*Records for processing*
··········

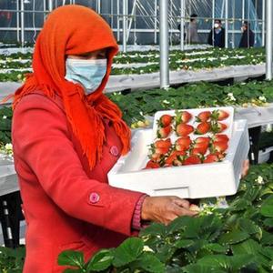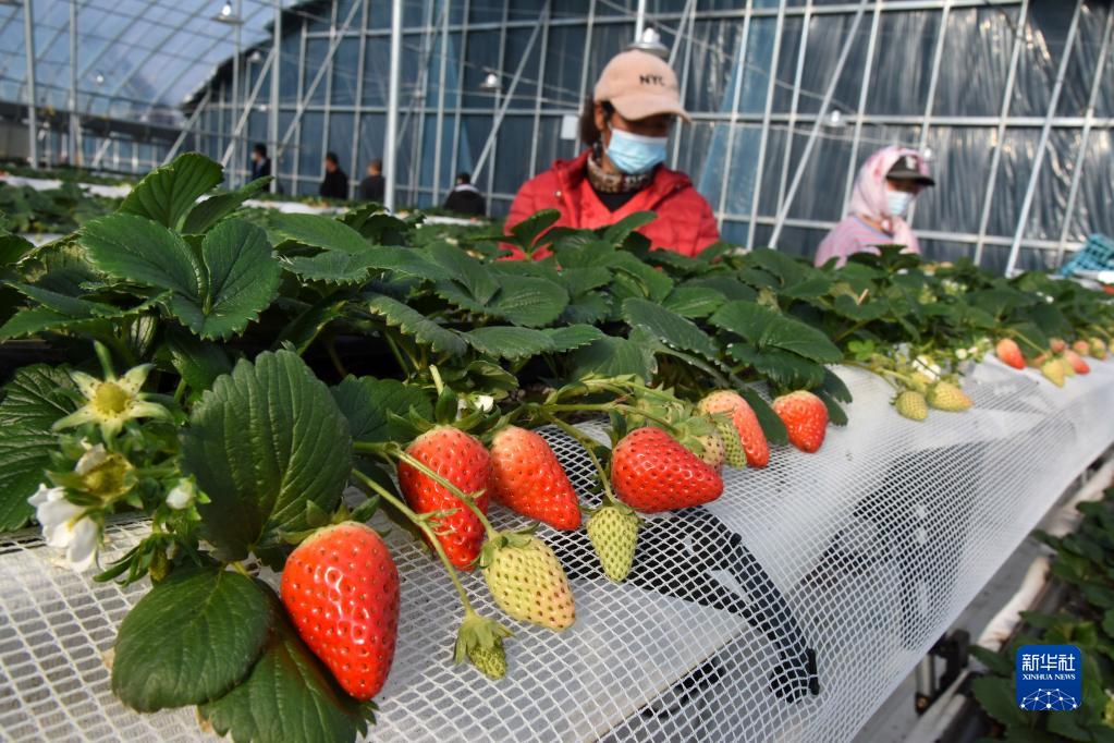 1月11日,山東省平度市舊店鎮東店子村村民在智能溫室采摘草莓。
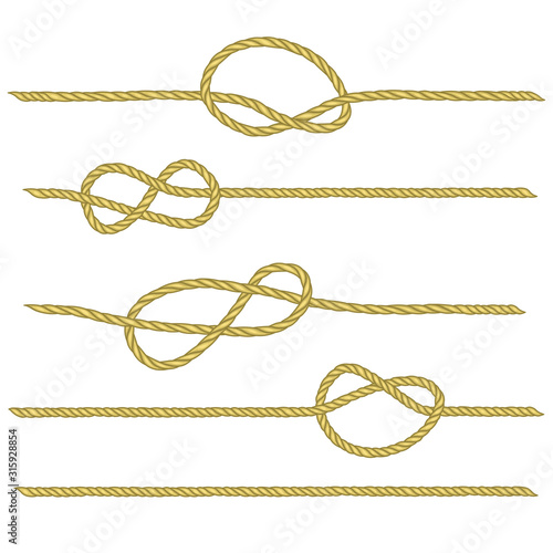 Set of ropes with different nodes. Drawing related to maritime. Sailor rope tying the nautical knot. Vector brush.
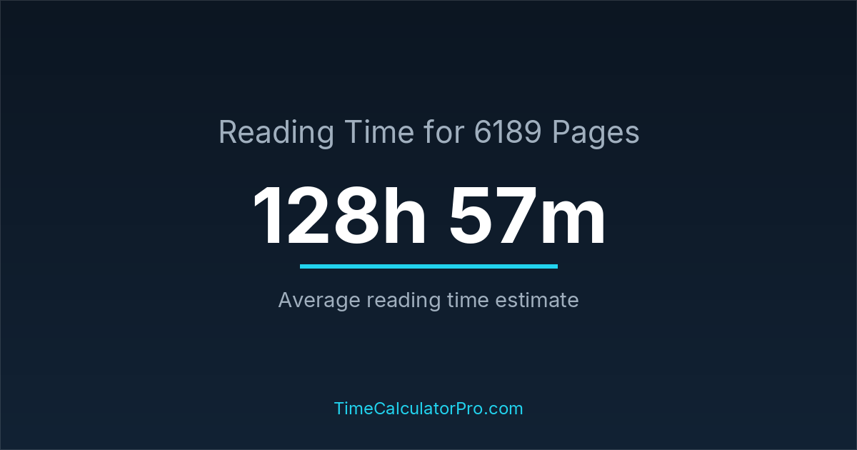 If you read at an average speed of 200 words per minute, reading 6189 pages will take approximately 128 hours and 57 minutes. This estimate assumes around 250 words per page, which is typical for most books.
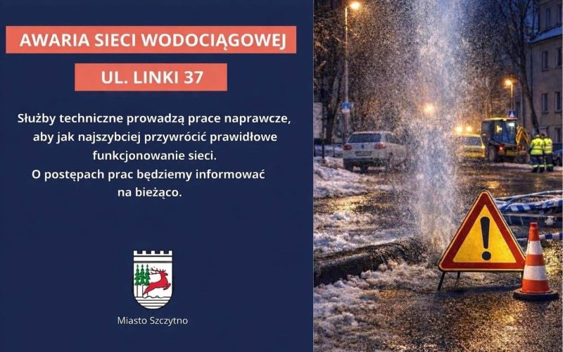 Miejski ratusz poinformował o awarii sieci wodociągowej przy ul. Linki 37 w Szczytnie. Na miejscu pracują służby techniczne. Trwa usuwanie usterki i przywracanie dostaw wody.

··········

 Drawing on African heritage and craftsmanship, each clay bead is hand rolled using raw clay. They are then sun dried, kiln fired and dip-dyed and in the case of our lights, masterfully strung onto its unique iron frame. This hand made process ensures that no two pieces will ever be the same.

··········

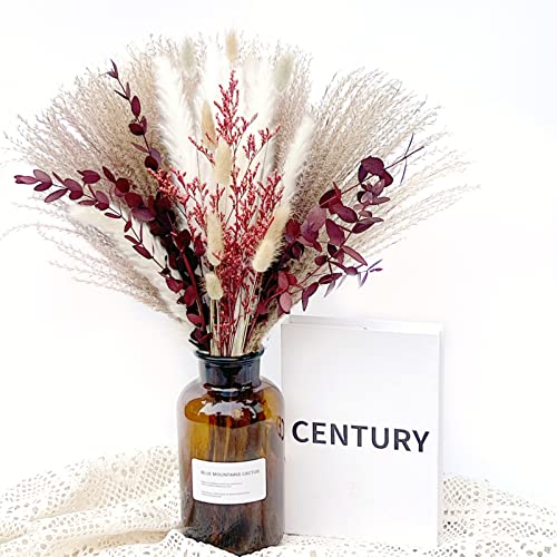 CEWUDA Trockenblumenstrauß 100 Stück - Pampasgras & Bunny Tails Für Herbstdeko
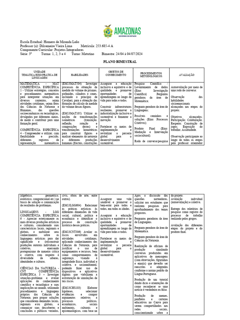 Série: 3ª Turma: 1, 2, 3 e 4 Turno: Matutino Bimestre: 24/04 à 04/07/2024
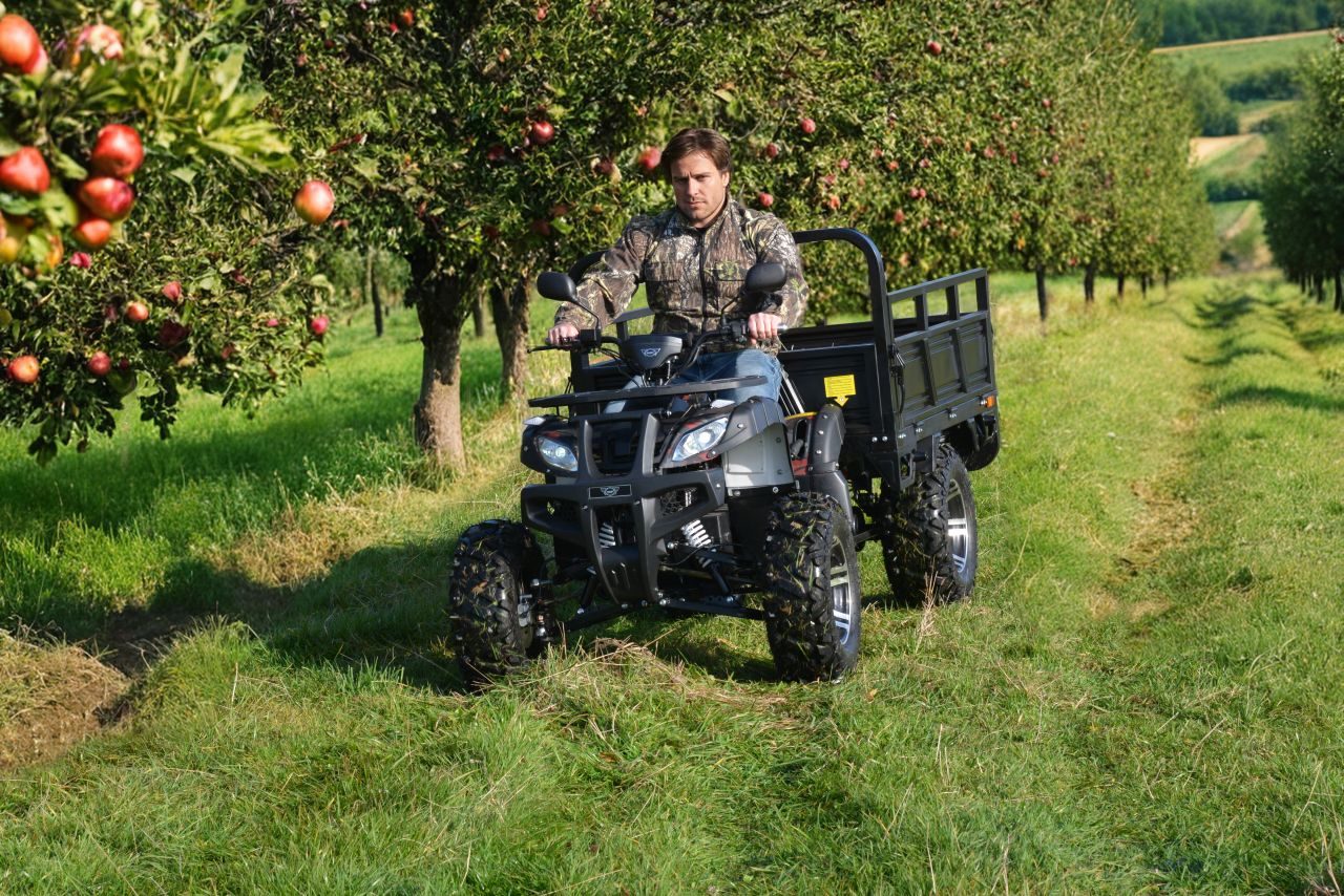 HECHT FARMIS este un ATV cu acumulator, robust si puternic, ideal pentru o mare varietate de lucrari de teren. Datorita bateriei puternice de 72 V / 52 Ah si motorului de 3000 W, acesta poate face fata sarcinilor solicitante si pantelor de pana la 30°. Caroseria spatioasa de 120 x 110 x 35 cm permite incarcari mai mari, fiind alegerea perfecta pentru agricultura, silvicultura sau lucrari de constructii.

··········

*Assignment*
Everything between and including the line above containing "1月11日,山東省平度市舊店鎮東店子村村民在智能溫室采摘草莓。" and the line containing "If you read" should be reproduced exactly, with pictures excluded.

*Completed exercise*
 1月11日,山東省平度市舊店鎮東店子村村民在智能溫室采摘草莓。
 Set of ropes with different nodes. Drawing related to maritime. Sailor rope tying the nautical knot. Vector brush.
 If you read at an average speed of 200 words per minute, reading 6189 pages will take approximately 128 hours and 57 minutes. This estimate assumes around 250 words per page, which is typical for most books.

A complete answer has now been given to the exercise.